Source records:
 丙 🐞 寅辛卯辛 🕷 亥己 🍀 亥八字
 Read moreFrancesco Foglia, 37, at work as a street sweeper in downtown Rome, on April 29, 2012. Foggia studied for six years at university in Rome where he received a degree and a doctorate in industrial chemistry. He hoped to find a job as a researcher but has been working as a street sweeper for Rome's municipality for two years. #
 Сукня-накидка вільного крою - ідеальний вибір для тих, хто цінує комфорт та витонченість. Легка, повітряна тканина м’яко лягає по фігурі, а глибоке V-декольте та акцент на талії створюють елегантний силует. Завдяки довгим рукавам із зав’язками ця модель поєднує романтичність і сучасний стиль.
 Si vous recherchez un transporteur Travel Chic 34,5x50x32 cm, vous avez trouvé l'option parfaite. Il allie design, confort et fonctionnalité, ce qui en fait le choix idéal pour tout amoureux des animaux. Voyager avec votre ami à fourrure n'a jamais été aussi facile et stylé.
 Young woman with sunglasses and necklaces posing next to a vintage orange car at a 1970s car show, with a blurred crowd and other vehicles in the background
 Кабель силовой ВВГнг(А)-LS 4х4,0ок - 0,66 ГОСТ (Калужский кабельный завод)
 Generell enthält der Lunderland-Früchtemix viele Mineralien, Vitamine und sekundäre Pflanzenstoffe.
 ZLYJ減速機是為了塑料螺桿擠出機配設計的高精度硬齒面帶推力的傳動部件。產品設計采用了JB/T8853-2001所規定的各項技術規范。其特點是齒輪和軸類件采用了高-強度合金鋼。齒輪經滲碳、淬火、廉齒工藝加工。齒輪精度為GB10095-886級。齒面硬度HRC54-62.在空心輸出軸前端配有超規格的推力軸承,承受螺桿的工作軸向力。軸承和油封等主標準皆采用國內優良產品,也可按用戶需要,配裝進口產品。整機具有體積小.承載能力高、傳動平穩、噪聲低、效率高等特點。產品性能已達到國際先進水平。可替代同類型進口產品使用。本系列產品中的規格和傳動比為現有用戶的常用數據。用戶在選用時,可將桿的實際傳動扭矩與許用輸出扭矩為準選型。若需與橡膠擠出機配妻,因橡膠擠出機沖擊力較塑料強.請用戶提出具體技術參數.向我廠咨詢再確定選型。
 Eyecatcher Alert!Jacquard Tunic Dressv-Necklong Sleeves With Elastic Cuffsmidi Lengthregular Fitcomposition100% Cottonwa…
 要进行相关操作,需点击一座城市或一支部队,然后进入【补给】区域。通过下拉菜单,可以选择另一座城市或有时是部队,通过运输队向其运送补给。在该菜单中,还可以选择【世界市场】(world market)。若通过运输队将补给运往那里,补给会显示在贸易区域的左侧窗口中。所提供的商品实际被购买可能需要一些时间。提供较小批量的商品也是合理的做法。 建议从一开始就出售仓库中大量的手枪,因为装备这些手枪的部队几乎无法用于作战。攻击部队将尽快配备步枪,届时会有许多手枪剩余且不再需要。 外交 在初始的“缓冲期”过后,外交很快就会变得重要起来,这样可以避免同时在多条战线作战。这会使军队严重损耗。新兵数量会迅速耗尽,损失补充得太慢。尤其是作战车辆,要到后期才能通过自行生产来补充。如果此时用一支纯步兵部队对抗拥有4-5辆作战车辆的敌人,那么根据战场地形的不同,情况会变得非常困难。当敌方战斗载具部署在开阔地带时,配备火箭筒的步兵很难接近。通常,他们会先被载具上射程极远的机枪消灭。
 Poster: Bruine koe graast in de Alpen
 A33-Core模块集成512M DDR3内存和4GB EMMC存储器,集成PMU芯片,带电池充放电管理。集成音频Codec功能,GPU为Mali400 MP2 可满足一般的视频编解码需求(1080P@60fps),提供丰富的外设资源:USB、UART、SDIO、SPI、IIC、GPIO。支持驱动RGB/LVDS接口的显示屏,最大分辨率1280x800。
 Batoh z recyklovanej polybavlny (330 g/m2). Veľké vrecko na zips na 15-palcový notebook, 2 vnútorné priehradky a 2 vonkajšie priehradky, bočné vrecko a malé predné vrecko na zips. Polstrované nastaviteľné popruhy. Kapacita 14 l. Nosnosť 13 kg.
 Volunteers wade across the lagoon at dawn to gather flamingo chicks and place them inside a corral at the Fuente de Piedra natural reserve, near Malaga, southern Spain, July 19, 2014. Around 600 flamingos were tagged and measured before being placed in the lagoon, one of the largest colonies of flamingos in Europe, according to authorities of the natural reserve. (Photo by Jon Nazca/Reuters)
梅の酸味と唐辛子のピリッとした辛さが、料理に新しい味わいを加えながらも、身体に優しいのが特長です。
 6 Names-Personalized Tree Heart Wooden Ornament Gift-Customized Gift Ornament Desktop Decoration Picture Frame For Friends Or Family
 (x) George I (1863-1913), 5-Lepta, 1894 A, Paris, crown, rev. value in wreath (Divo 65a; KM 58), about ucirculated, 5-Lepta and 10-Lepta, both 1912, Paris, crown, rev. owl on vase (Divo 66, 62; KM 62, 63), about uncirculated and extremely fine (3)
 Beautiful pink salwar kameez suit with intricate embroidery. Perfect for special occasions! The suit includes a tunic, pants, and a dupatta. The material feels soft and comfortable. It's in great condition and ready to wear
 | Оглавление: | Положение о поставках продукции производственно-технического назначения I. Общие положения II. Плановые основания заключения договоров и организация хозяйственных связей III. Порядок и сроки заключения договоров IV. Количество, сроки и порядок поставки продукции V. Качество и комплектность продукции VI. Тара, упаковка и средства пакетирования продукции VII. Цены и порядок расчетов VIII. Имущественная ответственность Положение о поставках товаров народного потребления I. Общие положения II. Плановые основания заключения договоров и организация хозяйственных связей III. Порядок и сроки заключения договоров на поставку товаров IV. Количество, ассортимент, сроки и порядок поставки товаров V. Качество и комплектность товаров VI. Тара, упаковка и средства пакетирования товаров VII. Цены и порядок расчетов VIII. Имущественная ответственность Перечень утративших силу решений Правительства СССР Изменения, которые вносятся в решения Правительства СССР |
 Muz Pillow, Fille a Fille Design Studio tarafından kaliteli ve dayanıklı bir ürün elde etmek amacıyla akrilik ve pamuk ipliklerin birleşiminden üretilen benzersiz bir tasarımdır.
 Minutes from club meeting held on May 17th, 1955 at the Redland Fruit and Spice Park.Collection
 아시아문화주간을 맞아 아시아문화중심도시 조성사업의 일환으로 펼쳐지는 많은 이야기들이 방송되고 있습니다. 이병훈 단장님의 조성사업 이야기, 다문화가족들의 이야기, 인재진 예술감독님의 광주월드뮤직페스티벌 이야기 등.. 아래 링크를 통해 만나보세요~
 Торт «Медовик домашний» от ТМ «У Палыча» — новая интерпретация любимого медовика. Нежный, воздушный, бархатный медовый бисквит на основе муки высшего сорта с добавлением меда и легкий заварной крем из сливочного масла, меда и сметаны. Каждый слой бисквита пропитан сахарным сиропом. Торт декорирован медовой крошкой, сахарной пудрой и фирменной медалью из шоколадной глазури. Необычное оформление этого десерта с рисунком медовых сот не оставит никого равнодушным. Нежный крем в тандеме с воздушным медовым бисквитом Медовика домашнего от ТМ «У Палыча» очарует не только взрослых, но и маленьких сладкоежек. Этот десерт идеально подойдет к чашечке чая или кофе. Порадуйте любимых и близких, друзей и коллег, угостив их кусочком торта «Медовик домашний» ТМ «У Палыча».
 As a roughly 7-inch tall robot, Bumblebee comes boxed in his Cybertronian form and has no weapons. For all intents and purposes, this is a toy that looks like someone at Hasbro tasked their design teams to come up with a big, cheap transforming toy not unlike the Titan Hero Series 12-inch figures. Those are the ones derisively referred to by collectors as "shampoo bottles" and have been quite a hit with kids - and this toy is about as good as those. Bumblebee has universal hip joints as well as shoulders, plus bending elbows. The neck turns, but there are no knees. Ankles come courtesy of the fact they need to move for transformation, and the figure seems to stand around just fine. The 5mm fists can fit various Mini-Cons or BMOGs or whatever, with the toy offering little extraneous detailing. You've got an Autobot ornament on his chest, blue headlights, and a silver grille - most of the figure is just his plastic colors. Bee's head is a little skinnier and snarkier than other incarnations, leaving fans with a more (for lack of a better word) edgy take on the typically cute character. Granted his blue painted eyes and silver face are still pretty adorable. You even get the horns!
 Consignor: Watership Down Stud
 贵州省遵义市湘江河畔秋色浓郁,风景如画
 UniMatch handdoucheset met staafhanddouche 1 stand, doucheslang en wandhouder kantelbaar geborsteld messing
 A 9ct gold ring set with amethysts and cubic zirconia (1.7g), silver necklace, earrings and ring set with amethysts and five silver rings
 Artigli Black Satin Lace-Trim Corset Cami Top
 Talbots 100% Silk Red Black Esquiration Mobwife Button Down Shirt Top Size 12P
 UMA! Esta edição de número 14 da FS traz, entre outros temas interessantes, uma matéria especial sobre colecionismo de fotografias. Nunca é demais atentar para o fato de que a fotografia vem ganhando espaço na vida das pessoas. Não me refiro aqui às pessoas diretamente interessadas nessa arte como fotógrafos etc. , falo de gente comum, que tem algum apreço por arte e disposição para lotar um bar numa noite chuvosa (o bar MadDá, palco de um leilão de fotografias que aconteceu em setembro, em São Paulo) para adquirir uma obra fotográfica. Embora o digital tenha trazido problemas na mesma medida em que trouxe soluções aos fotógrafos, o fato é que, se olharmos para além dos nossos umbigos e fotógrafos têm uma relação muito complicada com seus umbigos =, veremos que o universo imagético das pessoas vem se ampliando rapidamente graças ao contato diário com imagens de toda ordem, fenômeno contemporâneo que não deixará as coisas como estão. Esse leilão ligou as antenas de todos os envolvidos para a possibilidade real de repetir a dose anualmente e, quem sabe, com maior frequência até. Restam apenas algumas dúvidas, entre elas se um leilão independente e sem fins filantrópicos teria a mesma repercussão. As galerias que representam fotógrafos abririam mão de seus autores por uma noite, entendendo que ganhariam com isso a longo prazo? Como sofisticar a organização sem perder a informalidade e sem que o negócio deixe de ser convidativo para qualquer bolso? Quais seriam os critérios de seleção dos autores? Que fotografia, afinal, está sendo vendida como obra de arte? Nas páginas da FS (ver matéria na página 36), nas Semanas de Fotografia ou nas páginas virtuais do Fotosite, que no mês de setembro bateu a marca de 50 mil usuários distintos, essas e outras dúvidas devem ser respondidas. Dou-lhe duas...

● **ACTIVITY**
Of all the entries above, output exactly the lines between the one holding "Poster: Bruine koe graast in de Alpen" and the one holding "Batoh z recyklovanej", inclusive.

● **OUTPUT OF THE EXERCISE**
 Poster: Bruine koe graast in de Alpen
 A33-Core模块集成512M DDR3内存和4GB EMMC存储器,集成PMU芯片,带电池充放电管理。集成音频Codec功能,GPU为Mali400 MP2 可满足一般的视频编解码需求(1080P@60fps),提供丰富的外设资源:USB、UART、SDIO、SPI、IIC、GPIO。支持驱动RGB/LVDS接口的显示屏,最大分辨率1280x800。
 Batoh z recyklovanej polybavlny (330 g/m2). Veľké vrecko na zips na 15-palcový notebook, 2 vnútorné priehradky a 2 vonkajšie priehradky, bočné vrecko a malé predné vrecko na zips. Polstrované nastaviteľné popruhy. Kapacita 14 l. Nosnosť 13 kg.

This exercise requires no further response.